Heidi Klum: It looks like something that should be left in the bedroom. Let's move on.
(on this lacy pump garter, found on DiabetesNet.com's shop)
Hannah: My leg itches just looking at it.
Nina Garcia: HIDEOUS! I cannot think of a single person who'd want to wear this.
Michael Kors: Drag queens. Drag queens would wear this.
Nina Garcia: I disagree with you. Drag queens have much better taste.
Michael Kors: It's just so provincial-looking, and not in a charming way at all. Ugh, next please!
Heidi Klum: Have we found a single design we like yet?
Hannah: Not really.
Nina Garcia: Let's send ALL the designers home!
Heidi Klum: Um, I don't think we can do that, Nina. The producers would be mad.
Nina Garcia: *heavy, haughty sigh*
(last but not least, something described as the "Tag-a-Long" by DiabetesNet.com's shop)
Michael Kors: What's on this thing, kittens?
Heidi Klum: Actually, I think they're ladybugs.
Hannah: But they make one with kittens on it!
Michael Kors: *hides face with notecards* No. No no no.
Nina Garcia: Don't diabetics ever want something that looks, you know, expensive? Everything I've seen today looks like it's come out of the cheapest stall at the flea market. And why would someone punish themselves with such ugly things?
Hannah: They don't give us any choice. It sucks. You people in the fashion world think women don't want pockets in their pants or their skirts--I've heard Michael say it on the show! A pocket goes a long-ass way, let me tell you. As for this thing, I'd be scared to carry it because it means the only thing separating my $5000 piece of medical equipment from the ground is a flimsy plastic hook on my jeans. I go to concerts. Somebody could mosh that thing right off my hip.
Heidi Klum: But it looks like this might be meant for children.
Hannah: What kind of child is going to play carefully enough that this thing wouldn't drop off their belt after two games of tag? And let's not even think about four-square related incidents or jumping off the swingset. Plus, it comes in two colors of fake leather. Leather doesn't scream "children's product" to me.
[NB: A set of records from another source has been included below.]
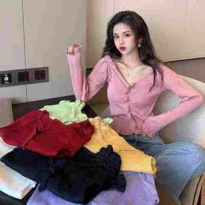 早秋流行穿搭v领毛衣针织长袖小衫上衣,独立包装,均码,750件,清7.5,分➕1
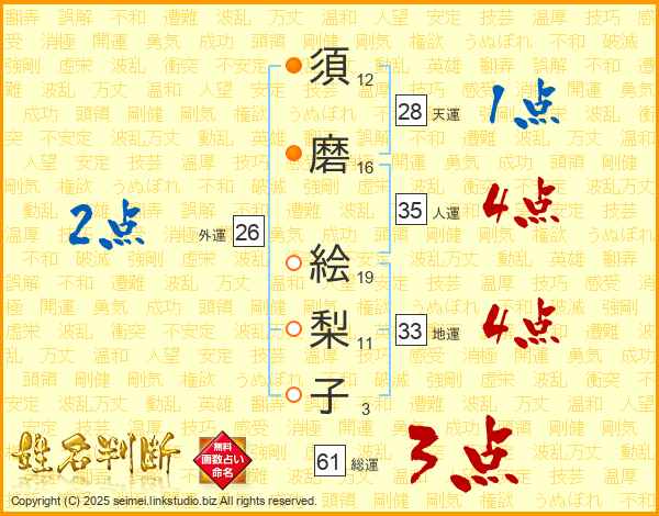 須(12画)磨(16画) 絵(19画)梨(11画)子(3画)
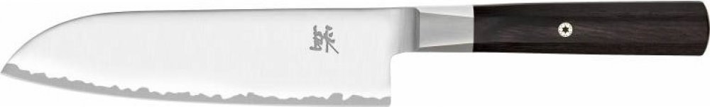 Extrémně ostrý nůž SANTOKU s autentickou japonskou čepelí je nejznámějším univerzálním nožem asijského typu. Právem je nazýván jako nůž tří ctností. Vyniká v krájení, plátkování i sekání.Každý druhý nůž prodaný v Japonsku je právě nůž SANTOKU. Jako hlavní nástroj japonského kulinářského umění si tento nůž získal rychle oblibu i v Evropě. Příprava japonského sushi se stala trendovou záležitostí a právě SANTOKU je ideálním nožem na jeho přípravu. Široká a dlouhá čepel s jemným ostřím umožní rovnoměrné rozložení síly a krájení je tak přesné a pohodlné. Vyšší faseta snižuje tření, krájení je tak přesnější. SANTOKU je dokonalým společníkem při práci s masem, rybami, zeleninou a ovocem. Nepřekonatelné vlastnosti nože oceníte například při krájení cibule. Pohodlná rukojeť "D" skvěle padne do ruky. Specificky tvarovaná záštita podpoří asijský úchop nože. SANTOKU je nezbytností při přípravě pokrmů asijských receptur.
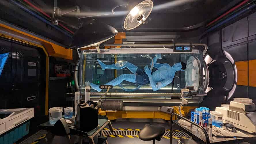 The hero piece, a Na'vi avatar being incubated in a tank.
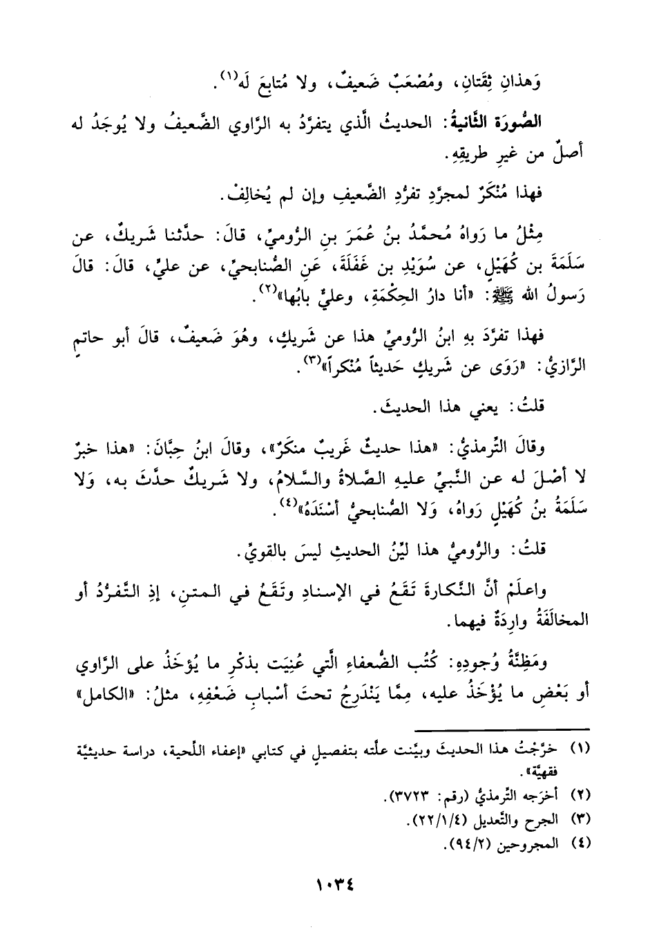 الصورة الثانية: الحديث الذي يتفرد به الراوي الضعيف ولا يوجد له أصل من غير طريقه.

Michael Kors: So, are we going to kick all the designers off the show, or what? I'm all for it. That granola hippie girl pisses me off.
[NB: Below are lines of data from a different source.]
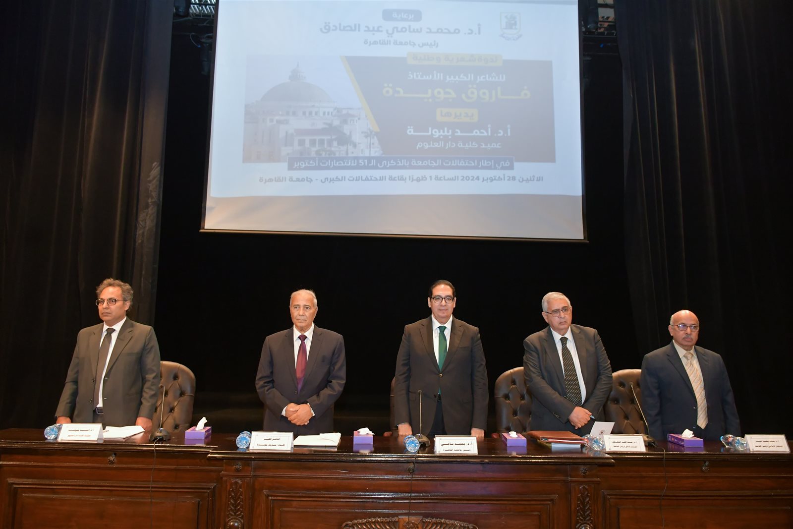 تواصل جامعة القاهرة، فعاليات الموسم الثقافي للعام الدراسي 2024/2025، واحتفالاتها بالذكرى الـ 51 لانتصارات حرب أكتوبر المجيدة، حيث شهدت قاعة الاحتفالات الكبري بحضور الدكتور محمد سامى عبد الصادق رئيس جامعة القاهرة ندوة شعرية وطنية للشاعر والكاتب الصحفي الكبير فاروق جويدة.
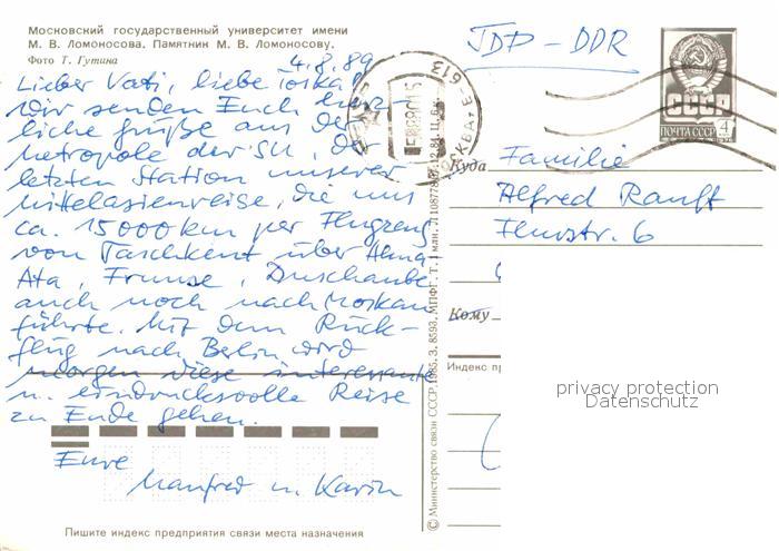 old postcard Moscow Moskva Lomonosov Universitaet postalisch gelaufen Ganzsache (eingedruckte Briefmarke) Erhaltung siehe scans [NatalD47]
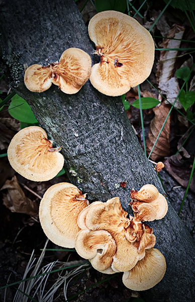 I like the color detail in the mushrooms. Composition is good but the lighting is a bit bright in the background. I think you could strengthen the vignette to tone the background down more, and the white leaf to the right of the top mushroom could be eliminated or selectively darkened. The same for the grasses in the lower left.
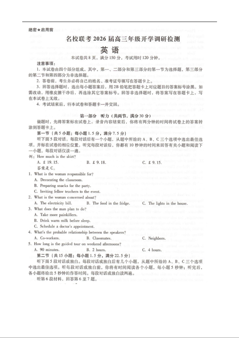 高三英语--河北省琢名小渔名校联考2026届高三上学期开学调研检测

Nina Garcia: And I can't take one more effeminate man who thinks he can design because he's effeminate.
Heidi Klum: Whoa everyone! Let's keep it to ourselves, we have a guest judge here who has to USE these accessories on a regular basis.
Hannah: Tell you what, guys, let's pair the designers with ACTUAL insulin pump users. Let's work with real people's needs. I know you guys love a good "real people" challenge once in a while where your designers leave their models at the agency. No one gets kicked off. Everybody wins--unless they get a hideous outfit, but I guess that's part of the challenge. Whaddya say?
Well, what do you say, readers? Heidi at the The D-Log Cabin suggested we email Bravo to use this as a suggestion for the next season of Project Runway. I'm sure they could use a lot of us bloggers as models! It's so crazy, it just might work. Do it for all the crappy pump accessories you've been forced to wear or create over the years. As for me, it's time to say Auf Wiedersehn! *kiss kiss* Have a great weekend.